I think it’s true in general tha in many improtant ways our lives pick us.
All that time that I was obviously trapped in some obsessive compulsive loop, I was learning.
Now I write as fast as I can.
I regard it as my only responsibility to try and be responsive to the possibilities of the materials. And those do not become clear to me quickly or with a burst of illumination. They often reveal themselves to me speech by speech, sometimes line by line, sometimes word by word. A proper humility which I pray is not a self indulgence, that is the way it’s given me to work. So that’s the way I work.”I am respectful to the materials”
On consciousness and writing:
There is a fundamental difference between the processes of consciousness and the processes of imagination although they tend to be thought of as synonymous. When I said “When I’m in my head I’m in a bad neighbourhood” what I meant was that the process of consciousness to the extent that it means being alive and alert to the stimuli of the present environment which includes anxiety, which includes knowing you’re late, which includes I hate that sob, which include I want to get a date with her”They include… the punitive operation of the recollection of the past such as I’m no good and today’s the day they find out. It means to the extent that we have been traumatized by past experience and have developed compensatory magical rituals. Yes I’m going to write. First I’m going to sharpen 12 pencils 12 times, I’m going touch my pillow 12 times. I’m ging to arrange my shoe 12 times. Then I’m going to go to work. ”The more that I am responsive predicated on a sense of self — which is after all what consciousness is — I’m in a bad neighbourhood in terms of generating writing. The imagination the operation of the creative imagination is predicated on ego supression. To the exten that I am able to diminish my sense of my — Big Dave Milch’s relationship to the environment — I am more able to gain access to my emotional affective sense of the requirements of my characters and the situation they find themselves. Therefore I do everything that I can to diminish my conscious preparation for the exercise of my imagination. I never think about the story when I’m not writing. I won’t talk to people about the story. ”

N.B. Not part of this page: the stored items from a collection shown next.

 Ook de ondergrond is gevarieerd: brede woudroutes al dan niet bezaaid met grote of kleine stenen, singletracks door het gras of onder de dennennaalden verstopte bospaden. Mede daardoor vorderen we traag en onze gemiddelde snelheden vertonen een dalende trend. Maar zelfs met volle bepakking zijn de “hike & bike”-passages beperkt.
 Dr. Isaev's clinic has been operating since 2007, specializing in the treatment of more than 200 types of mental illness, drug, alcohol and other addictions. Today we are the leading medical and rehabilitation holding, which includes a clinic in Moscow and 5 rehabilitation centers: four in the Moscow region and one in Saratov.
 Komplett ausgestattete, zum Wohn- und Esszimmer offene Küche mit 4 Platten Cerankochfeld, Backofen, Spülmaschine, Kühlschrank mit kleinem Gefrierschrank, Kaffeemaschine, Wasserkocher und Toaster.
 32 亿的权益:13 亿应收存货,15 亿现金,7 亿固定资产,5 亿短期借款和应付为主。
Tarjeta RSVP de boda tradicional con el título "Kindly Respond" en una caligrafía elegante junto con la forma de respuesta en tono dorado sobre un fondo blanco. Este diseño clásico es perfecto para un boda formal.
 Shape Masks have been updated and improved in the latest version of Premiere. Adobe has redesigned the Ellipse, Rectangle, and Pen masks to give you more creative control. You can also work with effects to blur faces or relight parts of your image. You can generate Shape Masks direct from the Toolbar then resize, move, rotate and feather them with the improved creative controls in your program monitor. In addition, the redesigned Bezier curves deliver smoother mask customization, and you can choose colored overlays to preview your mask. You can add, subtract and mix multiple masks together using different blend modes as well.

There was a chemist Kekule worked for decades trying to figure out the structure of the benzine ring. One night he went to sleep and he had a dream of snake swallowing its tail. He woke up. He said that’s it. That’s the structure of the benzene ring. So his student said not bad go to sleep, wake up, got the structure of the benzene ring. He said, “Visions come to prepared spirits.”
The way that I work comes from a long preparation of the spirit. That is the ability not to think of the work when I am not working. I have to believe that I will be able to gain access to my imagination as a matter of routine every morning And I work every morning. I don’t miss. I don’t think about what I’m going to do when I wake up. I am available to the operation of my imagination. But that availability is distinct from consciously making a decision to work. That is the bad neighbourhood.
Go enjoy this program… Or go prepare your spirit and write.
Ross McKie
This is a fantastically inspirational entry! Here’s something others might dig as an extension of Milch’s comments about the snake:
https://en.wikipedia.org/wiki/Ouroboros
admin
Glad you enjoyed it Ross. Thanks for the link. I just rewatched Adaptation this weekend and ouroboros figures in there too.
OutOfContext
I downloaded the Milch interview from iTunes (hate iTunes but I had some credit) and found it thoroughly engrossing–he sure is a talker. I had no idea about his background. Two points struck me particularly: his affinity for William James (Agassiz, James’ mentor, was the last Harvard Creationist, by the way) and his espousing of the concept of the fallacy of individual being, which I never would have guessed from his own fiercely independent behavior.
I just re-watched Adaptation last week with greater pleasure than ever–probably because Kaufman’s everywhere talking about his new movie. If you haven’t already, you should hear him on the recent Creative Screenwriting podcast and on the Fresh Air archive as well. Thanks for the tip.